EXERCISE DESCRIPTION: Exact reproduction is required for the lines below starting at the line with "Grab your friends, jump" and ending at the line with "Središnje misno slavlje", both included. No other lines, and no pictures.

DATA FOR THE TASK:
★ ★ ★
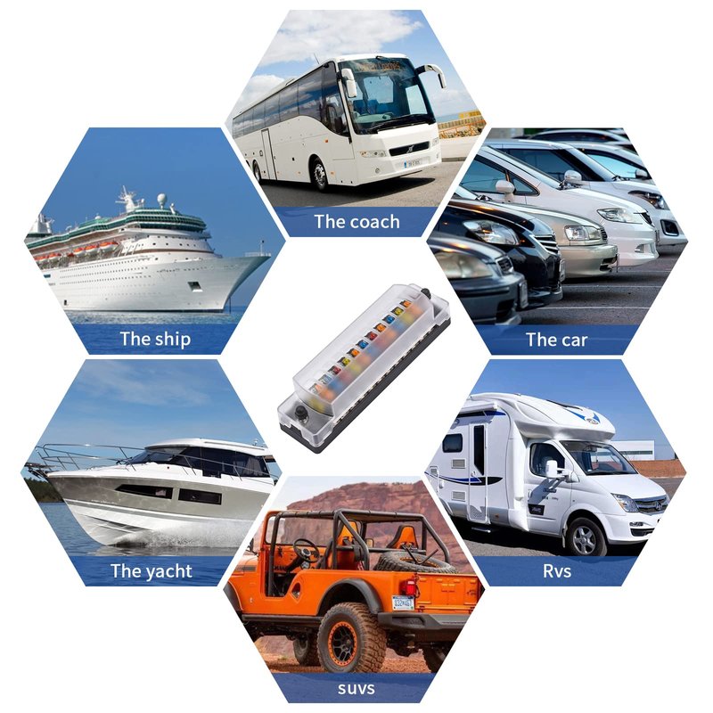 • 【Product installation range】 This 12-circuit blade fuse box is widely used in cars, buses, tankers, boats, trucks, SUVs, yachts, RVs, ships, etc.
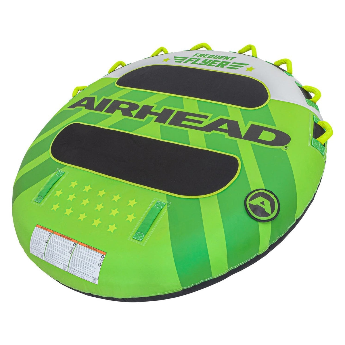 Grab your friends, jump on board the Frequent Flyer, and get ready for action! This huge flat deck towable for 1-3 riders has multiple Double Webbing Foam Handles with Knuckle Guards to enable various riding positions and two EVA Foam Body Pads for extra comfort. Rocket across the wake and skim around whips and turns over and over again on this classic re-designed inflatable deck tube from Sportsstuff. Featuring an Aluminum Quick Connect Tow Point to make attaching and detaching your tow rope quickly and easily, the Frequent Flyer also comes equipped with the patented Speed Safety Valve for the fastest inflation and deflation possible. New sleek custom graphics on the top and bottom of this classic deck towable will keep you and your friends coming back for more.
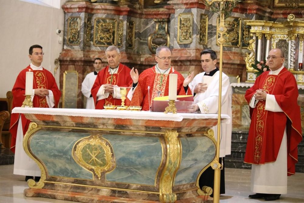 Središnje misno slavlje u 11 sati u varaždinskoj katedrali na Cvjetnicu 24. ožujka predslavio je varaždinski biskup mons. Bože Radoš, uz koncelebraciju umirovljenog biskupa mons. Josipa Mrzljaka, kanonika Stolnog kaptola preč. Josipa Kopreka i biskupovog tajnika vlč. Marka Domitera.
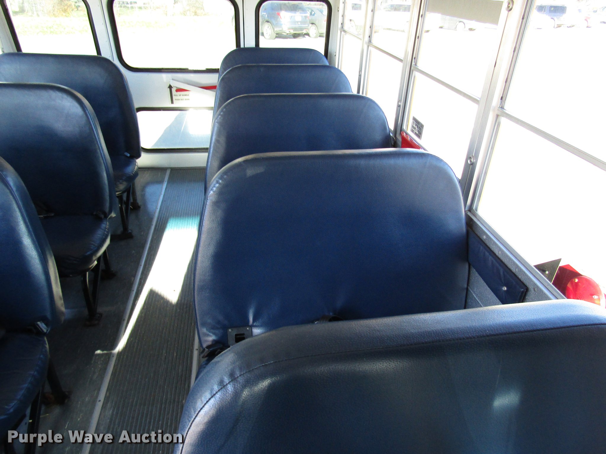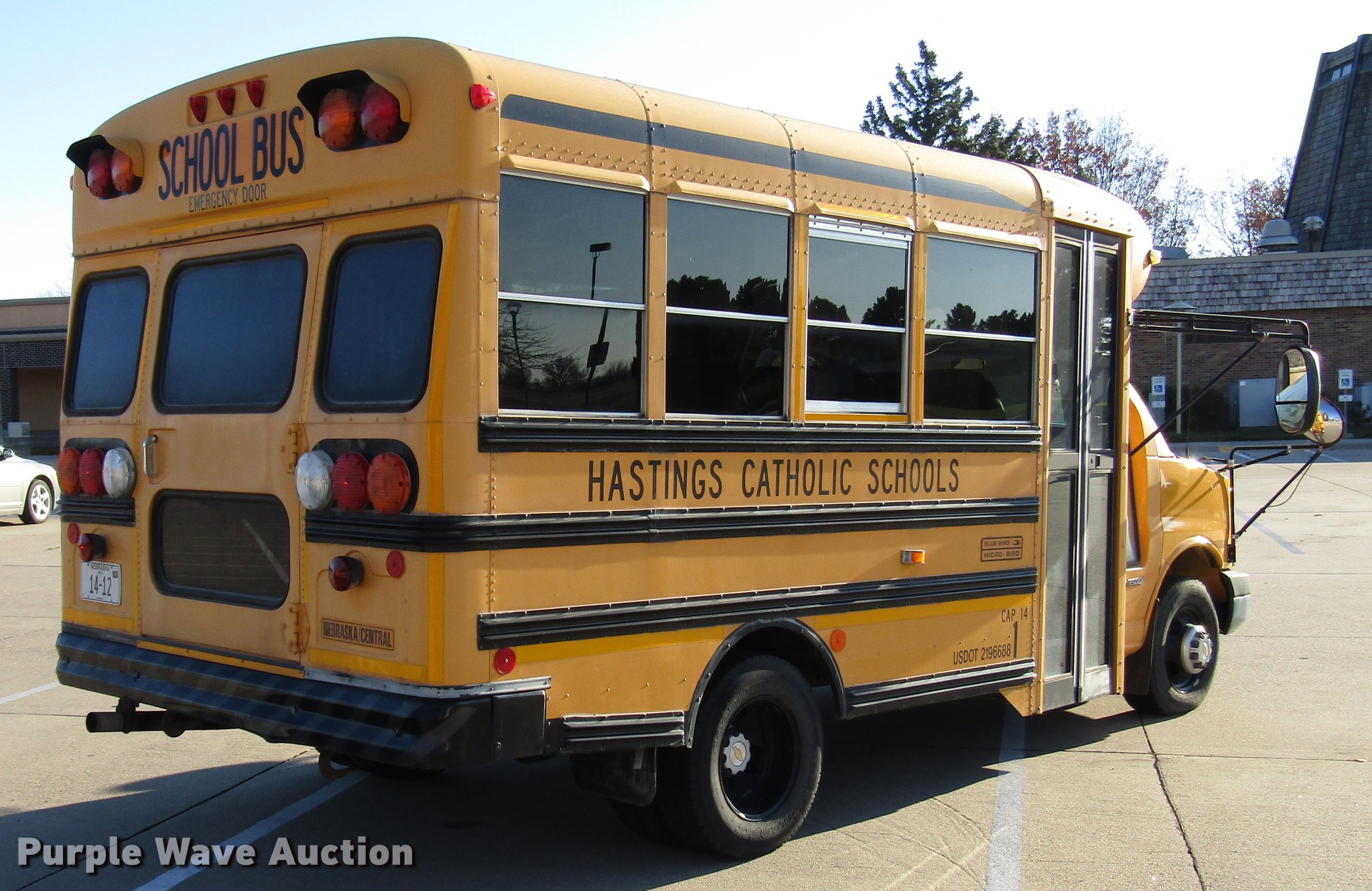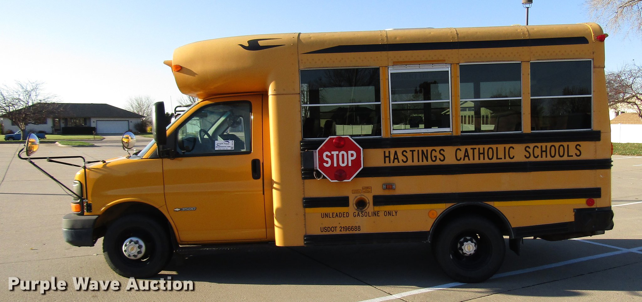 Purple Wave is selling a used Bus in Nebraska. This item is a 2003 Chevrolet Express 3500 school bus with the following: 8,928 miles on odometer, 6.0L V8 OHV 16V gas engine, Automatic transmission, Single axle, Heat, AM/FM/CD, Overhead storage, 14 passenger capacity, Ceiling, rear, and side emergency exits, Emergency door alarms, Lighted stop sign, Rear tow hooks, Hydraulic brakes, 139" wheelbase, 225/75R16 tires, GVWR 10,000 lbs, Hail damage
★ ★ ★
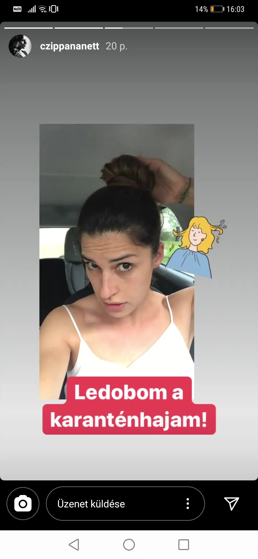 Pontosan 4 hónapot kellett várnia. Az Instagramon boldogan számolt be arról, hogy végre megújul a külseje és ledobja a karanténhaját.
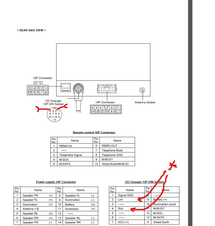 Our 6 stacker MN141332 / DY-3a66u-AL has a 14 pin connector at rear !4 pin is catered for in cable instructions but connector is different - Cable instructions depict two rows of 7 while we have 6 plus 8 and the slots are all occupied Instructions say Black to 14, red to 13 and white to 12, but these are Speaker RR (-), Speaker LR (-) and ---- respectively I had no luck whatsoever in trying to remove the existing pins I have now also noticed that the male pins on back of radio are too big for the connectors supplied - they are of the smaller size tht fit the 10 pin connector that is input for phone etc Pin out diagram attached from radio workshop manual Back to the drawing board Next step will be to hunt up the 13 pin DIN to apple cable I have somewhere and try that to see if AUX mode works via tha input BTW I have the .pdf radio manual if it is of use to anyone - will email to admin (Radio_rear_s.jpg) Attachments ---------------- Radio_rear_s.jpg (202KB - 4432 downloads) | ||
★ ★ ★
EXERCISE SOLUTION:
 Grab your friends, jump on board the Frequent Flyer, and get ready for action! This huge flat deck towable for 1-3 riders has multiple Double Webbing Foam Handles with Knuckle Guards to enable various riding positions and two EVA Foam Body Pads for extra comfort. Rocket across the wake and skim around whips and turns over and over again on this classic re-designed inflatable deck tube from Sportsstuff. Featuring an Aluminum Quick Connect Tow Point to make attaching and detaching your tow rope quickly and easily, the Frequent Flyer also comes equipped with the patented Speed Safety Valve for the fastest inflation and deflation possible. New sleek custom graphics on the top and bottom of this classic deck towable will keep you and your friends coming back for more.
 Središnje misno slavlje u 11 sati u varaždinskoj katedrali na Cvjetnicu 24. ožujka predslavio je varaždinski biskup mons. Bože Radoš, uz koncelebraciju umirovljenog biskupa mons. Josipa Mrzljaka, kanonika Stolnog kaptola preč. Josipa Kopreka i biskupovog tajnika vlč. Marka Domitera.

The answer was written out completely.